Saved entries
_ _ _

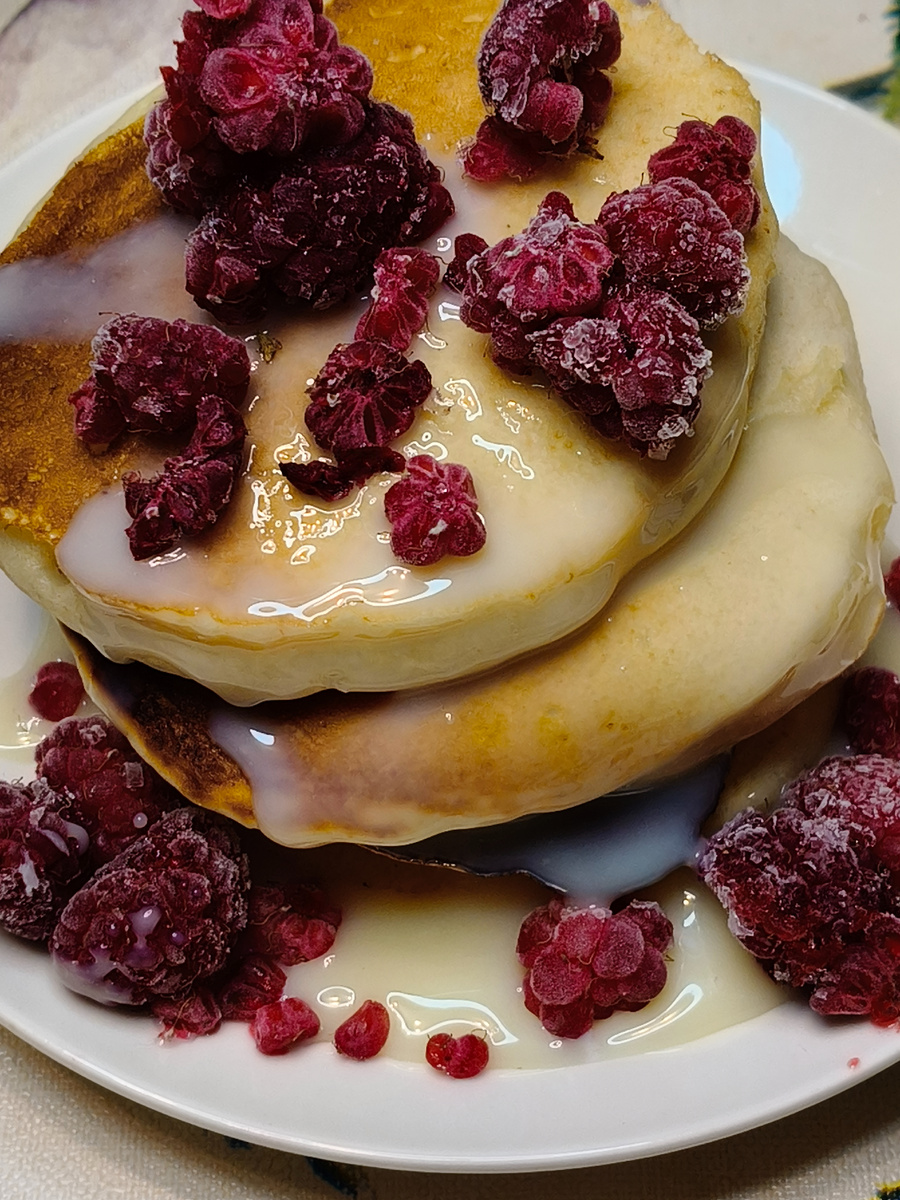 Это очень быстро. Очень. Быстрее, чем блины, а жира меньше, чем в традиционных оладушках, если для вас это важно. И их правда можно приготовить утром. Потому что быстро. А вообще я все хочу попробовать их в традиционном варианте - с кленовым сиропом и голубикой. Но пока у меня только сгущенка и замороженная малина. Получается 12 штук. Нас трое, так что по четыре на порцию. Возьмите: 1 яйцо 30 гр сахара 1/2 ч.л. соли 1 пакетик ванильного сахара (можно не добавлять) - 8 гр 200 мл молока 25 гр растительного масла без запаха 180 гр муки 6 гр разрыхлителя Итак: Яйцо + сахар + ванильный сахар + соль смешайте вилкой или венчиком до однородной массы (возьмите достаточно глубокую миску, потому что потом мы будем добавлять туда муку). Добавьте молоко и растительное масло, хорошо перемешайте. В отдельную миску просейте муку, смешанную с разрыхлителем. Я просеиваю два раза, чтобы точно все перемешалось, но можно и один. По времени это занимает меньше минуты, поэтому два. Мне так спокойнее, но
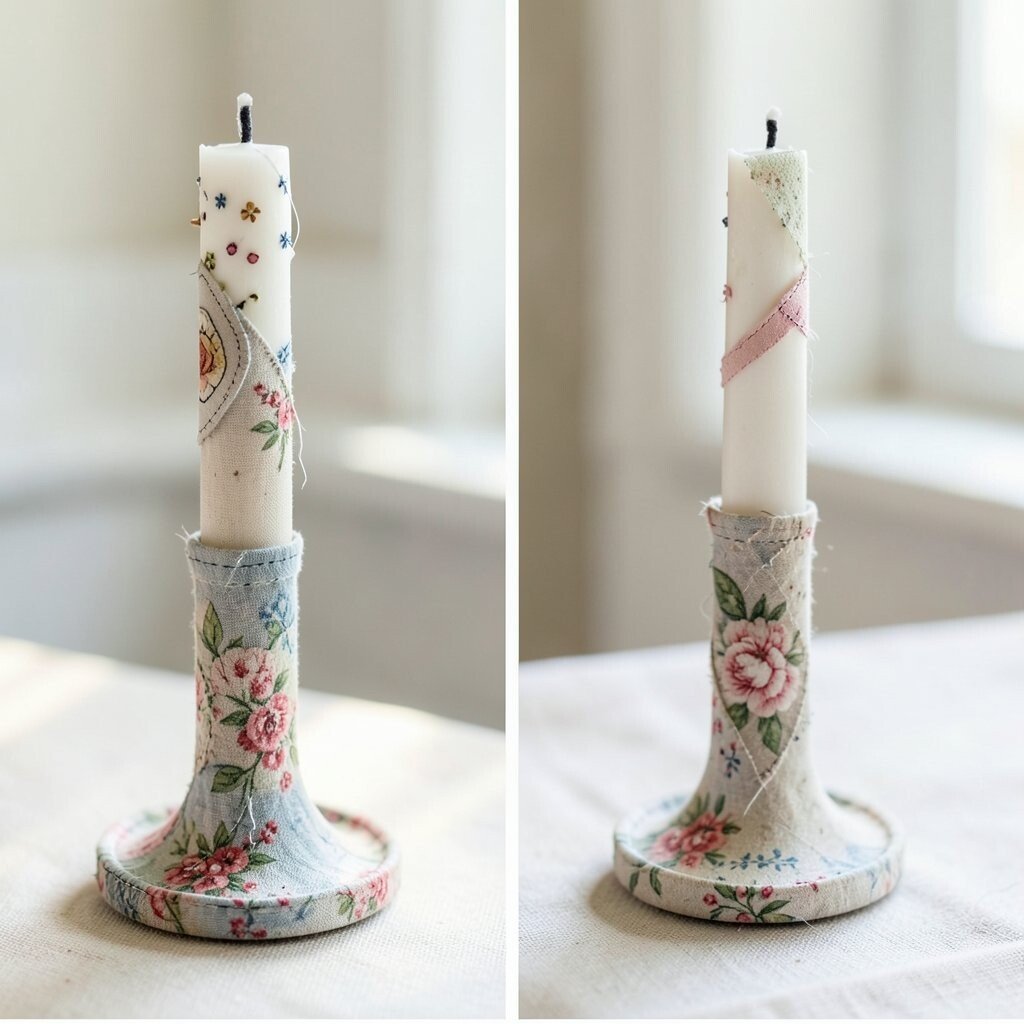 Turn ordinary candlesticks into statement pieces by wrapping them in fabric. It’s a creative way to add elegance to your table setting.
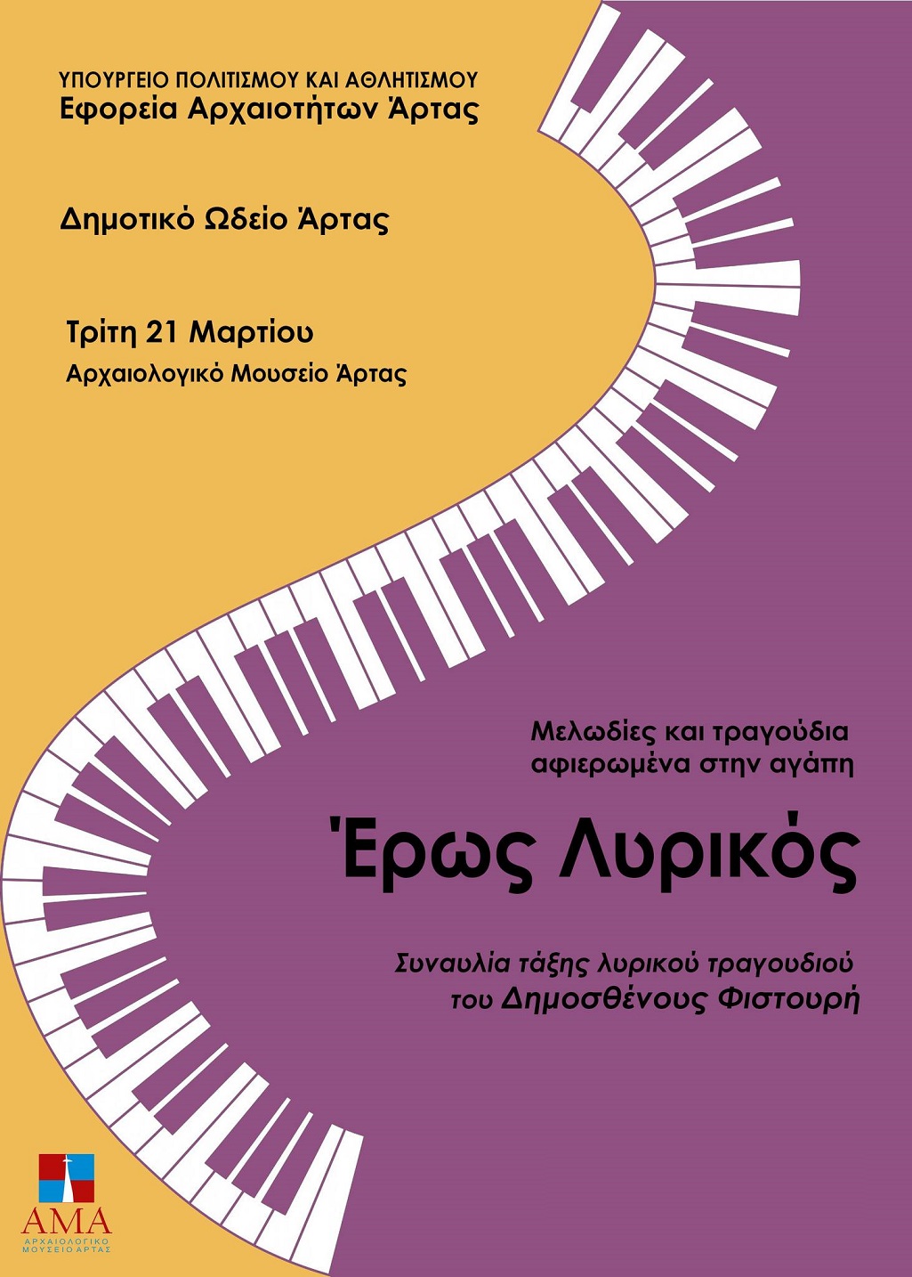 Η Εφορεία Αρχαιοτήτων Άρτας και το Δημοτικό Ωδείο Άρτας στην πρώτη τους συνεργασία διοργάνωσαν μουσική βραδιά με τίτλο «Έρως Λυρικός», που ήταν αφιερωμένη στην αγάπη, τον έρωτα και τη γυναίκα.
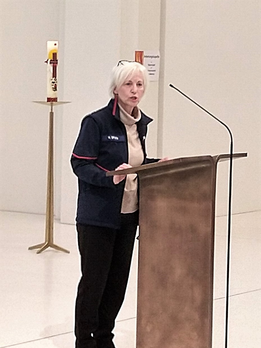Die Koordinatorin der Hospizarbeit, Monika Spath, erzählte mit eindrücklichen, ja auch ergreifenden Worten, von Ihrer Tätigkeit und berichtete über die Aufgaben und Herausforderungen aller in diesen Dienst eingebundenen ehrenamtlichen Mitarbeiter. Ganzheitliche Begleitung Schwerstkranker, Sterbender und alter Menschen in deren letzter Lebensphase, Betreuung Angehöriger, auch über den Tod hinaus, Beratung und Beistand, auch für Kinder und Jugendliche, stellen nur einen Teil des Angebotes der Organisation dar. Frau Spath nimmt in Ihrer Ansprache immer wieder Bezug auf die Lesung aus dem Buch Jesus Sirach und sie schildert, wie wir im Sinne der Nächstenliebe Trauernden begegnen können. „Zuhören – sich nicht wegducken, nicht die Straßenseite wechseln und auch Sprachlosigkeit aushalten“. Wertvolle Impulse, die die Gottesdienstbesucher mit nach Hause nehmen konnten.
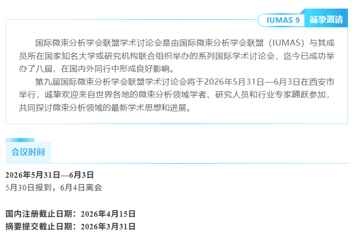 【行業會議】第九屆國際微束分析學會聯盟學術討論會(IUMAS 9)· 第二輪通知
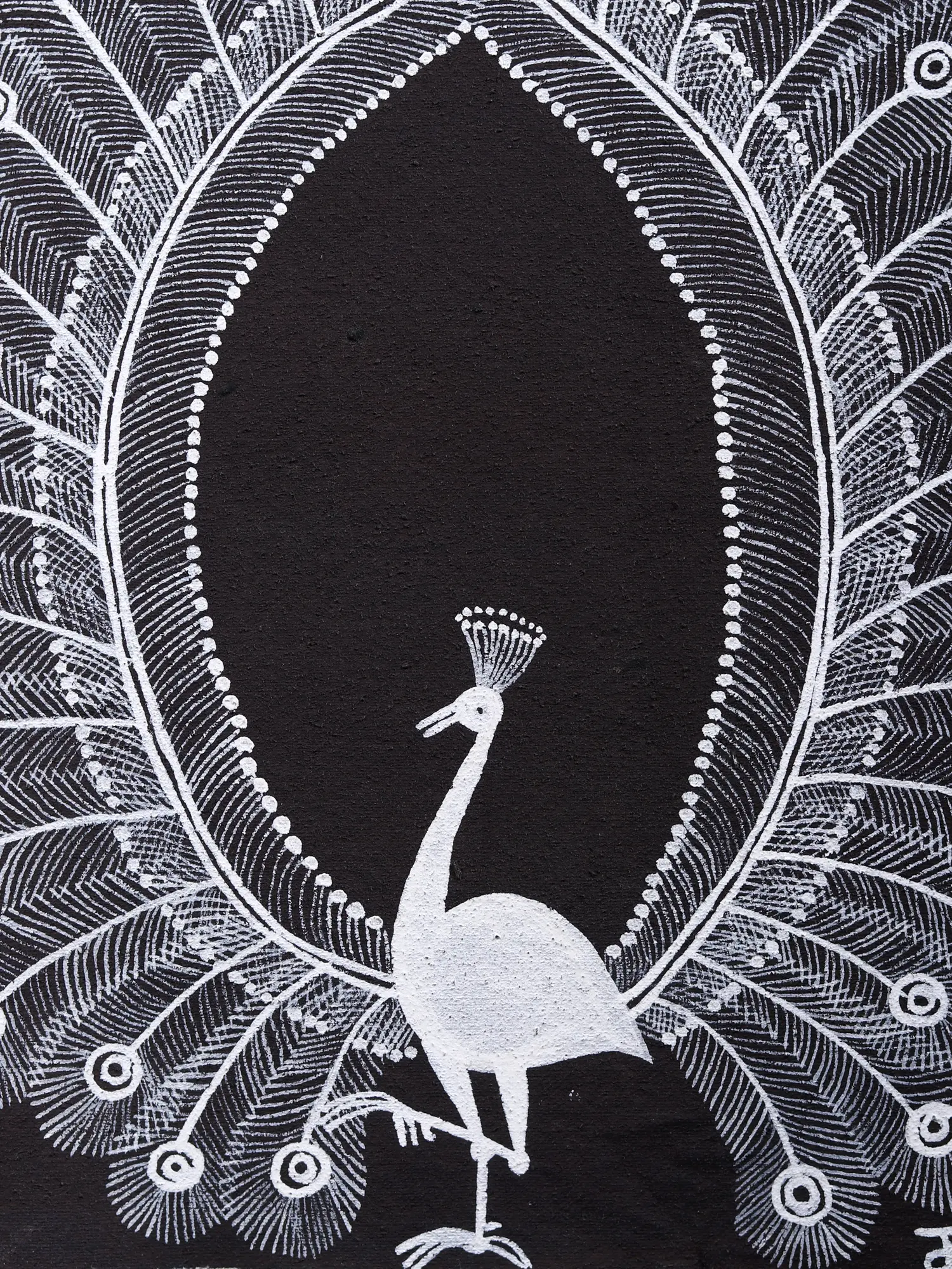 Behold the breathtaking beauty of this Warli painting, a vibrant depiction of a dancing peacock, a creature deeply revered in Indian mythology. The peacock, with its iridescent plumage, has long been associated with royalty, divinity, and beauty. In Hindu mythology, it's the vehicle of the god Kartikeya, the son of Shiva and Parvati, symbolizing strength, power, and grace. This artwork captures the essence of this magnificent bird, its feathers rendered with exquisite detail, creating a mesmerizing visual spectacle. The peacock's dance is a celebration of life, a joyful expression often portrayed in art as a symbol of prosperity and good fortune. The artist masterfully uses the characteristic Warli style—simple lines and dots—to create a sense of movement and energy.
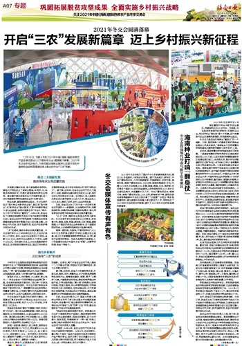 12月19日,为期4天的2021年中国(海南)国际热带农产品冬季交易会(以下简称冬交会)圆满落下帷幕。2021年冬交会的成功举办,为有效推动海南全面深化改革开放和中国特色自由贸易港建设再上新台阶作出“三农”贡献。展会三大创新发展
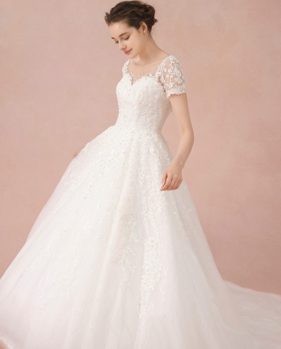 ビジューが輝きを放つスイートを叶える半袖マリエに、

_ _ _

Where a picture appears in the data, omit it; restate the rest word for word.

 Это очень быстро. Очень. Быстрее, чем блины, а жира меньше, чем в традиционных оладушках, если для вас это важно. И их правда можно приготовить утром. Потому что быстро. А вообще я все хочу попробовать их в традиционном варианте - с кленовым сиропом и голубикой. Но пока у меня только сгущенка и замороженная малина. Получается 12 штук. Нас трое, так что по четыре на порцию. Возьмите: 1 яйцо 30 гр сахара 1/2 ч.л. соли 1 пакетик ванильного сахара (можно не добавлять) - 8 гр 200 мл молока 25 гр растительного масла без запаха 180 гр муки 6 гр разрыхлителя Итак: Яйцо + сахар + ванильный сахар + соль смешайте вилкой или венчиком до однородной массы (возьмите достаточно глубокую миску, потому что потом мы будем добавлять туда муку). Добавьте молоко и растительное масло, хорошо перемешайте. В отдельную миску просейте муку, смешанную с разрыхлителем. Я просеиваю два раза, чтобы точно все перемешалось, но можно и один. По времени это занимает меньше минуты, поэтому два. Мне так спокойнее, но
 Turn ordinary candlesticks into statement pieces by wrapping them in fabric. It’s a creative way to add elegance to your table setting.
 Η Εφορεία Αρχαιοτήτων Άρτας και το Δημοτικό Ωδείο Άρτας στην πρώτη τους συνεργασία διοργάνωσαν μουσική βραδιά με τίτλο «Έρως Λυρικός», που ήταν αφιερωμένη στην αγάπη, τον έρωτα και τη γυναίκα.
Die Koordinatorin der Hospizarbeit, Monika Spath, erzählte mit eindrücklichen, ja auch ergreifenden Worten, von Ihrer Tätigkeit und berichtete über die Aufgaben und Herausforderungen aller in diesen Dienst eingebundenen ehrenamtlichen Mitarbeiter. Ganzheitliche Begleitung Schwerstkranker, Sterbender und alter Menschen in deren letzter Lebensphase, Betreuung Angehöriger, auch über den Tod hinaus, Beratung und Beistand, auch für Kinder und Jugendliche, stellen nur einen Teil des Angebotes der Organisation dar. Frau Spath nimmt in Ihrer Ansprache immer wieder Bezug auf die Lesung aus dem Buch Jesus Sirach und sie schildert, wie wir im Sinne der Nächstenliebe Trauernden begegnen können. „Zuhören – sich nicht wegducken, nicht die Straßenseite wechseln und auch Sprachlosigkeit aushalten“. Wertvolle Impulse, die die Gottesdienstbesucher mit nach Hause nehmen konnten.
 【行業會議】第九屆國際微束分析學會聯盟學術討論會(IUMAS 9)· 第二輪通知
 Behold the breathtaking beauty of this Warli painting, a vibrant depiction of a dancing peacock, a creature deeply revered in Indian mythology. The peacock, with its iridescent plumage, has long been associated with royalty, divinity, and beauty. In Hindu mythology, it's the vehicle of the god Kartikeya, the son of Shiva and Parvati, symbolizing strength, power, and grace. This artwork captures the essence of this magnificent bird, its feathers rendered with exquisite detail, creating a mesmerizing visual spectacle. The peacock's dance is a celebration of life, a joyful expression often portrayed in art as a symbol of prosperity and good fortune. The artist masterfully uses the characteristic Warli style—simple lines and dots—to create a sense of movement and energy.
 12月19日,为期4天的2021年中国(海南)国际热带农产品冬季交易会(以下简称冬交会)圆满落下帷幕。2021年冬交会的成功举办,为有效推动海南全面深化改革开放和中国特色自由贸易港建设再上新台阶作出“三农”贡献。展会三大创新发展
 ビジューが輝きを放つスイートを叶える半袖マリエに、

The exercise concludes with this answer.